Bishop Sheen: A Meditation on Our Blessed Mother, Purity, and Sex

"A man teaches a woman pleasure; a woman teaches a man continence. Man is the raging torrent of the cascading river; woman is the bank which keeps it within limits. Pleasure is the bait God induces creatures to fulfill their heavenly infused instincts - pleasure in eating for the sake of the preservation of the individual - pleasure in mating for the sake of the of the preservation of the species... Since the abandonment of the Christian concept of marriage, both man and woman have forgotten their mission..."
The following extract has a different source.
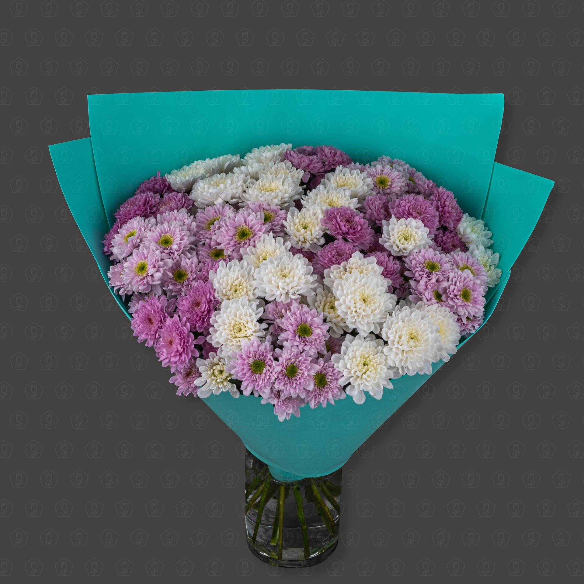 Представляем вам великолепный букет из 15 хризантем, собранный по спиральной технике. Такая сборка придает ему объем и элегантность. Букет оформлен в трендовую упаковку фоамиран, которая подчеркивает свежесть и красоту цветов. Для завершающего штриха использованы две ленты: практичная техническая лента и изысканная атласная лента, добавляющая изящества

"Since woman today has failed to restrain man, we must look to THE WOMAN to restore purity. The Church proclaims two dogmas of purity for THE WOMAN: one, the purity of soul in the Immaculate Conception, the other, the purity of body in the Assumption. Purity is not glorified as ignorance; for when the Virgin Birth was announced to Mary, she said, "I know not man." This meant that not only was she untaught by pleasures; it also implied that she had so brought her soul to focus on inwardness that she was a Virgin, not only because of the absence of man, but through the Presence of God. No greater inspiration to purity has the world ever known than THE WOMAN, whose own life was so pure that God chose her as His Mother. But she also understands human frailty and is so prepared to lift souls out of the mire into peace, as at the Cross she chose as her companion the converted sinner Magdalene. Through all the centuries, to those who marry to be loved, Mary teaches them that they should marry to love. To the unwed, she bids them all keep the secret of purity until an Annunciation when God will send them a partner; to those who, in carnal love, allow the body to swallow the soul, she bids that the soul envelop the body."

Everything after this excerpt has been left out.